We want to know if the number of fatalities is more than 22.

$H_0: \mu <= 22$

$H_a: \mu > 22$

$t_{stat} = \frac{\bar{X} - \mu_0}{s/ \sqrt{n}} $

In [125]:
t_stat_antonov = (antonov_df.fatalities.mean() - 22)/(antonov_df.fatalities.std()/len(antonov_df)**0.5)
t_stat_antonov

1.236639642819578

In [126]:
p_value_antonov = stats.t(len(antonov_df)-1).cdf(t_stat_antonov)
p_value_antonov

0.89053580997718673

The p-value is more than 0.05, therefore, we fail to reject the null hypothesis. There's no enough evidence to support that the fatalities in an aircraft manufactured by Antonov is more than 22.

A Type I error would be to claim that the Antonov aircraft have more than 22 fatalities, when they have less.

A Type II error would be to claim that the Antonov aircraft have less than 22 fatalities, when they have more.

#### The aircraft manufacturer Airbus claims the fatalities in their airplanes is less than 20%.

We want to know if the number of fatalities is more than 20%.

$H_0: p <= 20$%

$H_a: p > 20$%

In [127]:
percent_fatalities = airbus_df.fatalities/airbus_df.aboard

In [128]:
z_stat_airbus = (percent_fatalities.mean() - 0.20)/((0.20 * (1 - 0.20)/len(percent_fatalities)))**0.5
z_stat_airbus

6.022520746991066

In [129]:
p_value_airbus = stats.norm.cdf(z_stat_airbus)
p_value_airbus

0.99999999914139326

The p-value is more than 0.05, therefore, we fail to reject the null hypothesis. There's no enough evidence to support that the percentage of fatalities in an aircraft manufactured by Airbus is more than 20%.

A Type I error would be to claim that the Airbus aircraft have more than 20% fatalities, when they have less.
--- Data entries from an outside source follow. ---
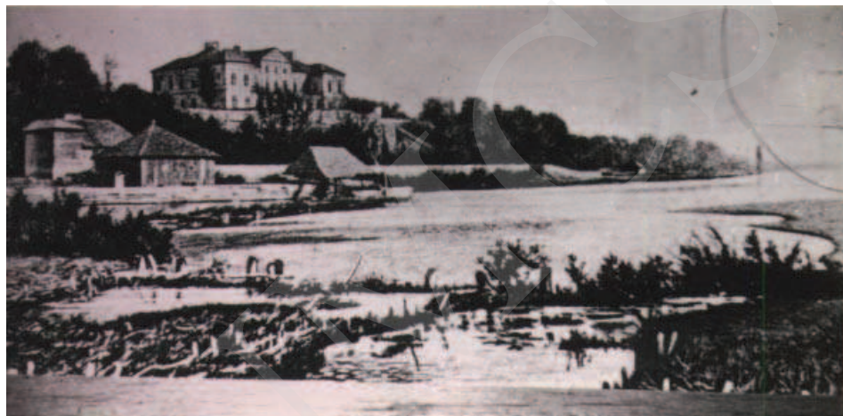
Ilustracja 2. Reprodukacja malowidła ściennego w pałacu w Adampolu. Stan pałacu w Różance po I wojnie światowej.

W roku 1972 wydano dokument o przekazaniu prawie 9 ha obejmujących park w Różance na Muzeum Wsi Lubelskiej, jednak decyzja ta nigdy nie weszła w życie, a tereny pozostały do dyspozycji Urzędu Gminy. Przez pewien okres urządzano na terenie parku obozy harcerskie i kolonie, a w latach 70. XX wieku na południowym obrzeżu założenia rozpoczęto budowę Domu Spokojnej Starości oraz budynków mieszkalnych 23 .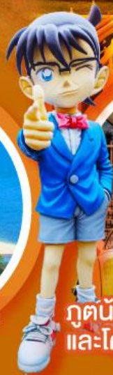
กูดน้อย คิตาโร่ และโคนัน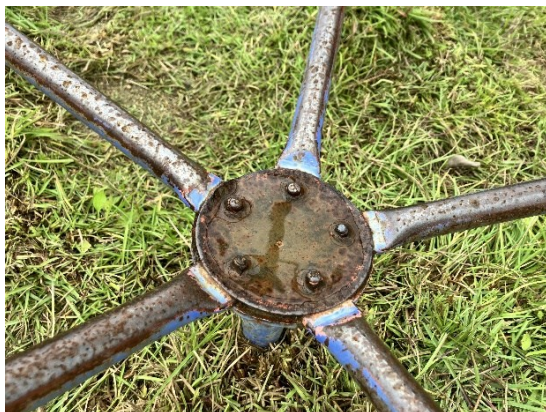
事故の原因となったボルト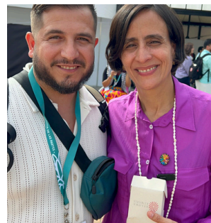
Con Susana Muhamad, Presidenta de la COP16 y Ministra de Ambiente de Colombia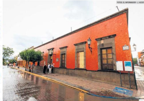
MUNAT. Fachada del recinto cultural que abre sus puertas. El edificio data del siglo XIX.

"Yo creo que los tiempos van bastante ágiles para los trámites que normalmente se tienen que hacer en gobierno. Es un edificio patrimonial, es muy importante y tenemos que tener todos los cuidados", indicó.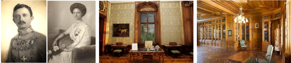
Karol I Habsburg i Zyta Burbon-Parmeńska // Pomieszczenia pałacowe

zrzeczenia się korony lub opuszczenia kraju przez Karola, w przeciwnym razie groził internowaniem.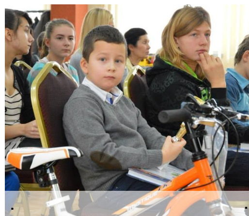
foto. wyróżnieni uczniowie

Natomiast wszyscy uczniowie, którzy przynieśli powyżej 25 kg makulatury otrzymali podziękowania i nagrody książkowe.

A Type II error would be to claim that the Airbys aircraft have less than 20% fatalities, when they have more.

#### There's no difference in the number of fatalities for aircrafts Airbus and Boeing.

We want to know if they are different.

$H_0: \mu_1 = \mu_2 \text{ or } \mu_1 - \mu_2 = 0$  

$H_a: \mu_1 \neq \mu_2 \text{ or } \mu_1 - \mu_2 \neq 0$

In [130]:
stats.ttest_ind_from_stats(airbus_df.fatalities.mean(),airbus_df.fatalities.std(),airbus_df.fatalities.count(),boeing_df.fatalities.mean(),boeing_df.fatalities.std(),boeing_df.fatalities.count())
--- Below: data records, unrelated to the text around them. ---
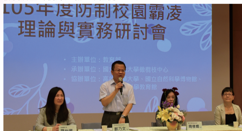
鄭司長於研討會中致詞

本年度三場次研討會共邀集高中、國中小第一線教育工作者以及法學、心理學、犯罪學、教育學各領域學者共23人擔任講師，以修復式正義理念為營造校園正向氛圍的核心，並以面對學生衝突或霸凌事件後的處理技巧為枝葉向外擴散，另輔以現階段霸凌類型研究之分析等三大部分進行研討分享及討論，使校園霸凌防制實務工作與學術理論達到經驗傳承與交流。最終，藉由各場次講座的問答座談讓與會之各校教師共同對話，進而提出實務上之建議，做為規劃未來防制校園霸凌的階段目標與政策參考。(校園安全防護科 許永傑)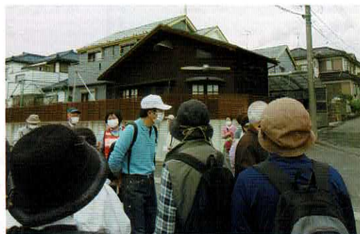
プロペラのある家 プロペラと壁が特徴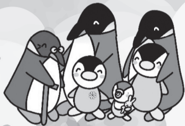
ミンジー (民生児童委員イメージキャラクター)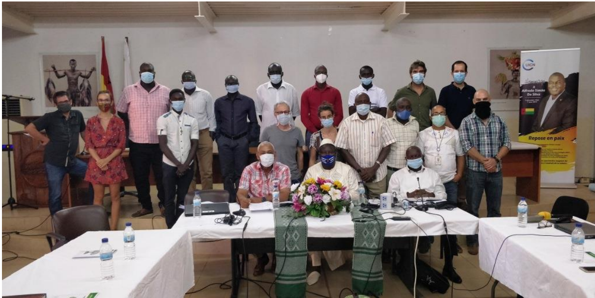
Participants de la journée d'échange sur les Paysages de mangroves de Guinée-Bissau

Les échanges ont ensuite permis de faire savoir ce que les différents projets souhaitent ou peuvent faire ensemble, tels que le développement de collaborations, de renforcements de capacités, de centralisation des informations et de coordination. La session suivante a permis de préciser ce que chacun des projets est en mesure d'apporter à la collectivité. La réflexion a porté ensuite sur les opportunités de pérenniser la plateforme. Il a été décidé à cet égard de créer un petit groupe de travail qui sera chargé de préciser les objectifs de la plateforme et de les décliner sous forme de termes de référence, avec la perspective d'institutionnaliser la plateforme à terme. La journée s'est achevée sur une étude de cas portant sur les diagnostics territoriaux participatifs, basé sur l'expérience du projet TRI.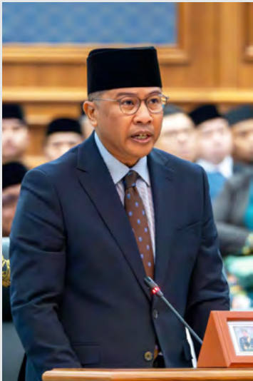
YANG Berhormat Menteri Pengangkutan dan Infokomunikasi.

BANDAR SERI BEGAWAN, Selasa, 4 Mac. – Tindakan utama telah diusahakan berterusan bagi menyekat laman sesawang berunsur penipuan dan nombor telefon yang digunakan untuk panggilan dan Sistem Pesanan Ringkas (SMS) penipuan.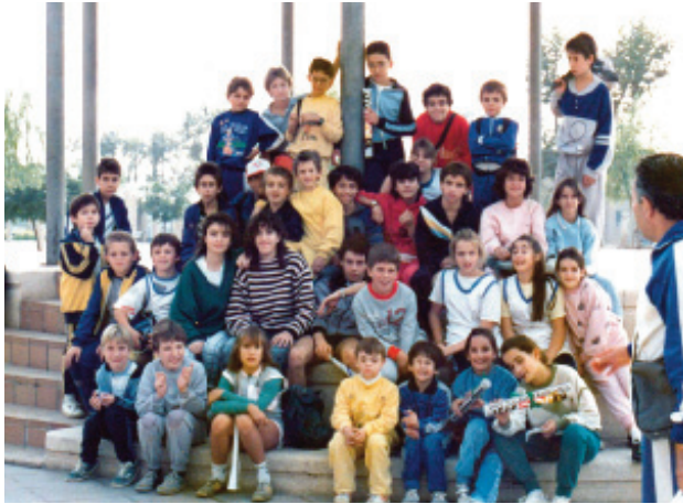
Foto de grup dels i de les components de l'equip d'atletisme de Granvia Sud.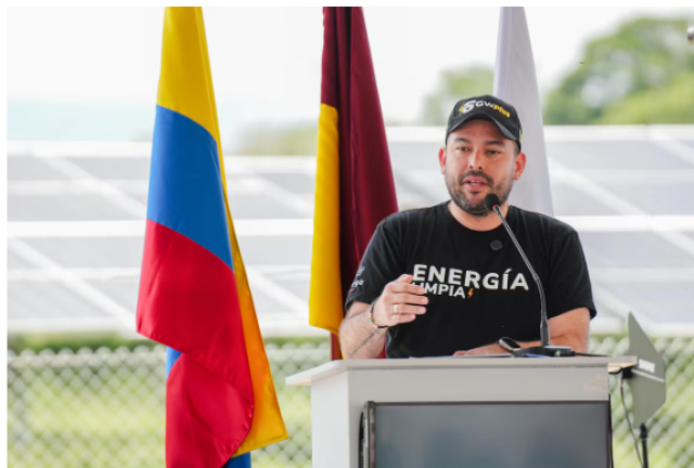
Entre los nombres incluidos figura el actual ministro de Minas y exmiembro de la junta directiva de la petrolera, Edwin Palma.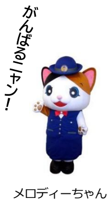
メロディーちゃん

6月8日、伊香高校のボランティアサークル「SOUND会」の指定書交付式が開催されました。「共に響き合い、健全な青少年を育成すること」を目的に結成され、今年で20年目を迎えます。特殊詐欺やトクリウ犯罪の被害防止を呼びかける「トクまも県民運動」の啓発活動、通学路の見守りなど、地域の安全を守る活動に取り組むこととしています。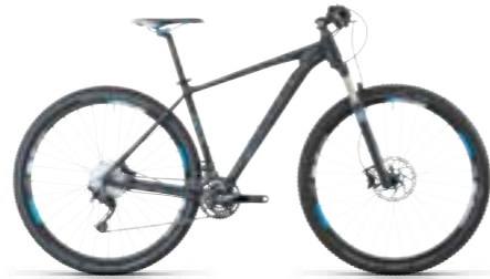
REACTION SL 29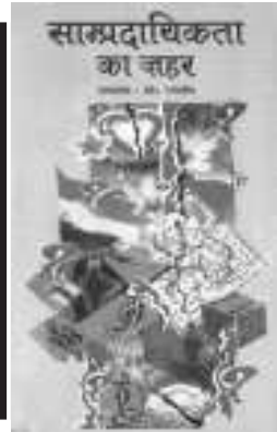
साम्प्रदायिकता का जहर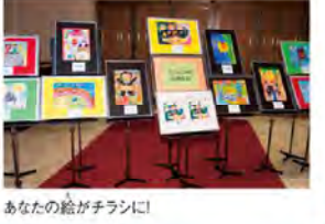
あなたの絵がチラシに!

Ttest_indResult(statistic=2.2072303579014232, pvalue=0.028014126502163825)

The p-value is less than 0.05, therefore we reject the null hypothesis. There's enough evidence to conclude that the average fatalities for Airbus and Boeing is different.

### Are the fatalities independent of aircraft type Antonov, Airbus and Boeing?
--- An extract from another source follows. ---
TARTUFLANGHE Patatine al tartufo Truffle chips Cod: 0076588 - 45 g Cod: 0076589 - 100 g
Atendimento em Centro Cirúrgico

$H_0$: fatalities are independent from aircraft type (Antonov, Airbus or Boeing).

$H_a$: fatalities are dependent from aircraft type (Antonov, Airbus or Boeing).

In [141]:
accidents_df = pd.DataFrame(index=['Fatalities'], columns=['Antonov','Airbus','Boeing'])
accidents_df.head()

Unnamed: 0,Antonov,Airbus,Boeing
Fatalities,,,


In [142]:
accidents_df['Antonov'] = [antonov_df.fatalities.sum()]
accidents_df['Airbus'] = [airbus_df.fatalities.sum()]
accidents_df['Boeing'] = [boeing_df.fatalities.sum()]

In [143]:
accidents_df

Unnamed: 0,Antonov,Airbus,Boeing
Fatalities,2645.0,2971.0,17459.0


In [144]:
# In order to pass the dataframe data into stats.chisquare, IT NEEDS TO BE CONVERTED FROM PANDAS
# DATAFRAME INTO NUMPY ARRAY OR LIST.
fatalities_total_array = np.asarray(accidents_df.ix[0,:])
fatalities_total_array

array([  2645.,   2971.,  17459.])

In [145]:
expected_fatalities = [accidents_df.sum().sum()/3]*3
expected_fatalities

[7691.666666666667, 7691.666666666667, 7691.666666666667]

In [146]:
stats.chisquare(fatalities_total_array, expected_fatalities)

Power_divergenceResult(statistic=18611.61499458288, pvalue=0.0)

The p-value is less than 0.05, therefore we reject the null hypothesis that aircraft fatalities is independent from the aircraft type (Antonov, Airbus, Boeing).